= Tatomir Anđelić =

Serbian mathematician

Tatomir P. Anđelić (Serbian Cyrillic Татомир П. Анђелић ) was a Serbian mathematician, academic and an expert in mechanics.

==Biography==
Tatomir P. Anđelić was born on November 11, 1903, in a small village Bukovica, near Mrcajevci between towns of Čačak and Kraljevo in the family of six children. His mother Dmitra was illiterate, but his father Pavle, a landowner with rudimentary schooling, was a people's democratic delegate.

He finished elementary school in town of Mrčajevci in 1914, and resumed his education after the World War I in 1919. In one year, he successfully passed six grades of then gymnasium, and his senior grade passed successfully in town of Čačak in 1922.

On his own accord he studied mathematics, physics and astronomy at the University of Heidelberg in Germany, from 1922 until 1927. He spent the 1927–1928 academic year at the University of Belgrade in the Department of Philosophy.
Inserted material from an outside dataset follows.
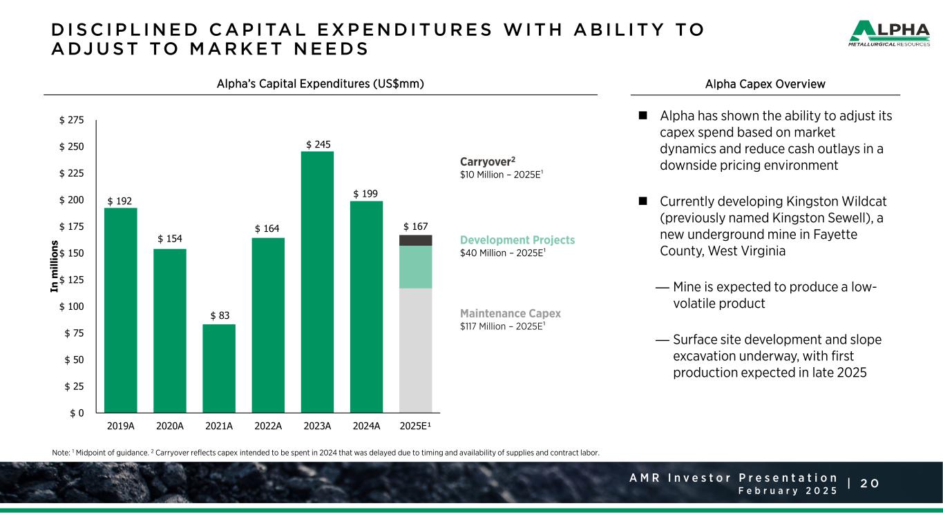 2 0A M R R a t i n g s A g e n c y P r e s e n t a t i o n J a n u a r y 2 0 2 5 |A M R I n v e s t o r F e b r D I S C I P L I N E D C A P I TA L E X P E N D I T U R E S W I T H A B I L I T Y TO A DJ U S T TO M A R K E T N E E D S Alpha’s Capital Expenditures (US$mm) Alpha Capex Overview  Alpha has shown the ability to adjust its capex spend based on market dynamics and reduce cash outlays in a downside pricing environment  Currently developing Kingston Wildcat (previously named Kingston Sewell), a new underground mine in Fayette County, West Virginia — Mine is expected to produce a low- volatile product — Surface site development and slope excavation underway, with first production expected in late 2025 Note: 1 Midpoint of guidance. 2 Carryover reflects capex intended to be spent in 2024 that was delayed due to timing and availability of supplies and contract labor. Carryover2 $10 Million – 2025E¹ Maintenance Capex $117 Million – 2025E¹ Development Projects $40 Million – 2025E¹ $ 192 $ 154 $ 83 $ 164 $ 245 $ 199 $ 167 $ 0 $ 25 $ 50 $ 75 $ 100 $ 125 $ 150 $ 175 $ 200 $ 225 $ 250 $ 275 2019A 2020A 2021A 2022A 2023A 2024A 2025E¹ In m ill io ns

As a scientist he was most influenced by Mihailo Petrović (1868–1943), Milutin Milanković (1879–1958) and Anton Bilimović (1879–1970).

From October 1928 until September 1945 he taught mathematics in high school, mostly in the Second Belgrade's Gymnasium and First Belgrade Gymnasium. At the same time, he was employed by the University of Belgrade part-time as teacher's assistant at the department of mechanics in the class of Professor Bilimović.

A school in Mrčajevci is named after him.